Het onderwerp afsluiten en het daarmee samenhangende binnentreden in een woning houdt de gemoederen in deurwaardersland al een aantal jaren bezig.

Ontruimen is duidelijk geregeld maar hoe is te handelen rond het (in een woning) afsluiten van gas, water en licht? Hoe is te handelen bij het renoveren van een woning als betrokkene niet wil meewerken en een “echte” ontruiming niet nodig gezien de beperkte omvang van de werkzaamheden?

Op mijn opleiding kreeg ik voor het eerst over een dergelijk probleem te horen. Een zeer bejaarde huurster van een woning werkte de nieuwe eigenaar/verhuurder van de woning tegen toen die het gehuurde wilde inspecteren op eventuele gebreken. De vrouw accepteerde overdracht namelijk niet en bleef de huur consequent aan de oude verhuurder betalen. Na veel pogingen om tot overleg te komen stapte de verhuurder naar de Kantonrechter en vroeg machtiging om de deurwaarder binnen te laten treden samen met de verhuurder. Dit binnentreden verliep problematisch.
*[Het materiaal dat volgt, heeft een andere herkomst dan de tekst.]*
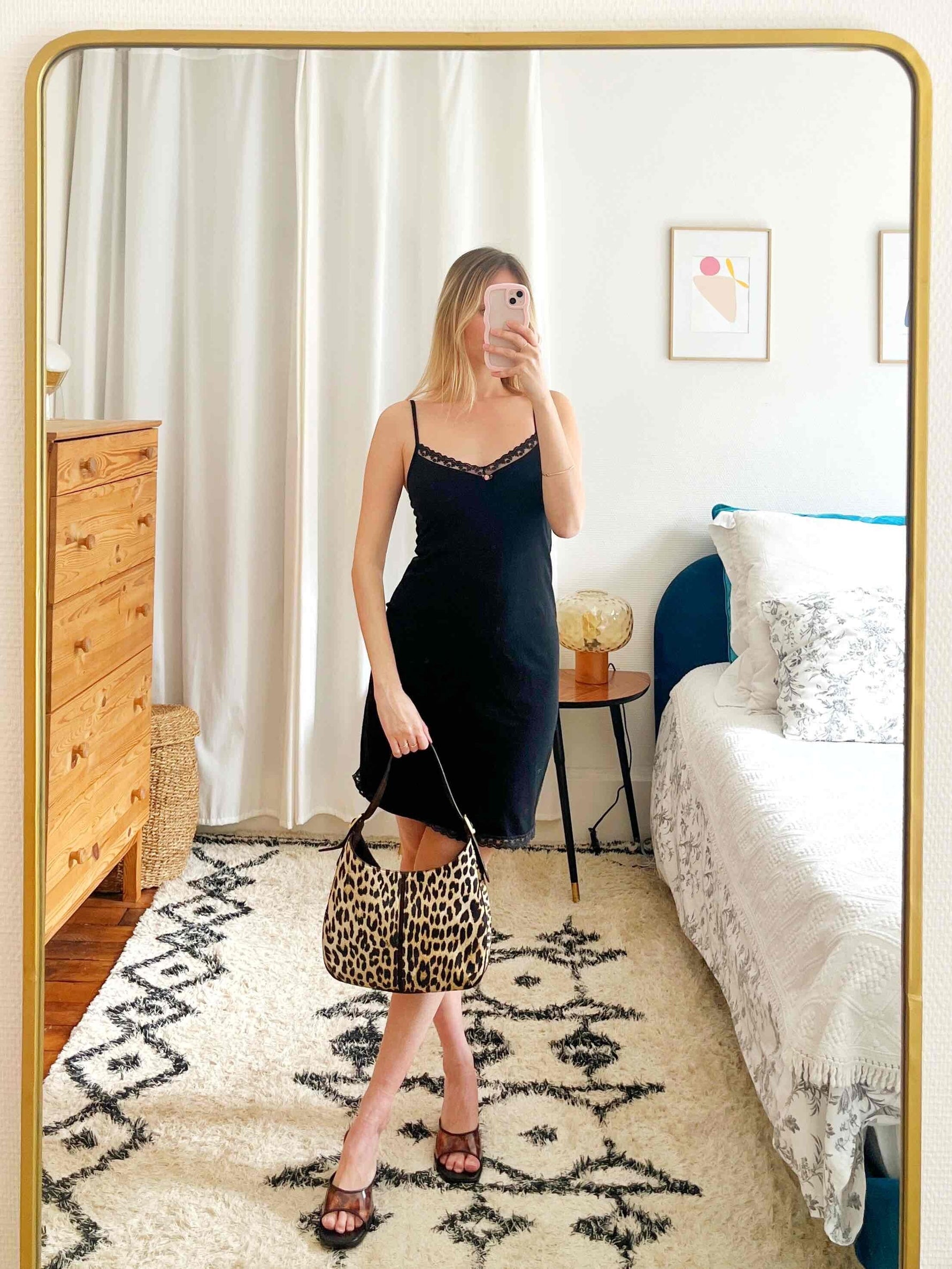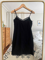 Mini robe noire, en coton et élasthanne donc stretch, tissu sans transparence, détails en dentelle, décolleté en V orné d’une petite rose, bretelles non ajustables, portée ici sur une T36 pour 1,64 m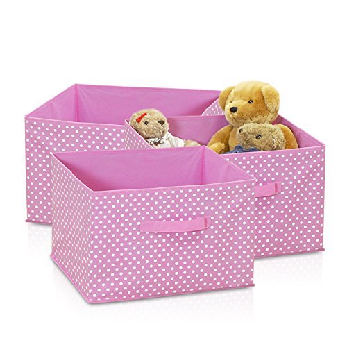 FURINNO 3-SD11144PK Laci Dot Non-Woven Fabric Soft Storage Organizer (3 Pack) Small Pink

De vrouw sloot zich in en de betrokken collega (mijn toenmalige docent) moest 4 deuren openen en eindigde op de zolder in gezelschap van de HOvJ en verhuurder.

Wat toen volgde leek een goed gesprek maar achteraf weigerde de vrouw meteen weer alle medewerking. In arren moede vroeg de verhuurder om ontbinding en ontruiming die ook werden toegewezen. Vlak voor de geplande ontruiming kwam de vrouw van 92 die op aangeven van een arts al naar een tehuis was verplaatst – door natuurlijke, niet aan de ontruiming gerelateerde oorzaak – te overlijden.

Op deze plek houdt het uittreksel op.